We were woken by our dear son at 5am this morning. He had diarrhea :( Poor baby. I have to admit that I was an super-cranky Mommy and snapped at him when I went to get him (before I knew he had the diaper problem). I'm just so dead tired and my patience has worn away.
I've tried to keep fluids in him, but he wasn't interested. I tried all sorts of things, including breastmilk that I had pumped. He actually liked it, but still didn't want to drink much of anything. Luckily, he's still in fine spirits and full of mischief, so we know he must be ok :)
My Mom IM'd me and asked when my doctor appointment was and could she come over? Not being one to keep my Mom away, I said yes :) She arrived about 10 min before I left and she cleaned the house top to bottom (including putting away my laundry) before I got home an hour later.
The doctor, unfortunately, didn't have too much to tell me. She did say that she believes the incident on Tuesday was migraine related, and not stroke or symptom of something else. If it had been a stroke, I would have lost consciousness, or experienced more physical signs like paralysis. She recommended that I see a neurologist. She brought up a good point that the head bashing that occurred like 3 years ago when I slept walked could be causing these instances to be worse, which makes sense. Prior to that, I don't recall ever seeing auras or having random dizzy spells like I'm having now. I wish that she would have been able to diagnose and give me medications NOW, but I can also understand that a neurologist is a good step considering that the head injury could be part of it. Various doctors have been recommending that I do it for years. So, I will need to make an appointment here in the next couple weeks.

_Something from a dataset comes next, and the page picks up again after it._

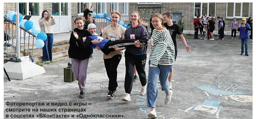
Фоторепортаж и видео с игры – смотрите на наших страницах в соцсетях «ВКонтакте» и «Одноклассники».

– Пусть ум и талант конструкторов, инженеров, руководителей производства и рабочих в цехах всегда кипит от интересных идей. Желаем успехов во всем. Спасибо предприятию-шефу, которое вместе с нами решает такие задачи, например, как подготовка школы к новому учебному году. Надеемся, что сотрудничество продолжится и дальше.

I say next couple weeks because next weekend is the church campout (which, if you know me, you'll know I'll need the entire week to prepare!) and then that Sunday, Jason leaves for a conference in San Francisco for 5 days! I will be staying with my Mom for at least some of the days. If the kids and I start wearing out our welcome, we'll come back here and I'll just drug myself to sleep every night... though Becki just called and told me that she'd be willing to stay with me. Awww, she's so sweet!
My eating habits have been dreadful the past couple days. With the stress and exhaustion, I've been not watching portions and eating a lot of crap. I'm scared to step on the scale! Maybe once I get a good nights sleep in I'll feel ready to start dealing with that again.
My Grammy sent me the sweetest little note the other day about being a Mom and making time for things that are important. Grammy, thank you! I do have to say though that for me cooking nice meals every night is not a burden, its a stress reliever (generally). Its my time to be away from the kids and do something I really love. But your points were well taken. Thank you for taking the time to 'grandparent' us, even when you're so far away.
I put up a few new videos on our site of the kids doing random things.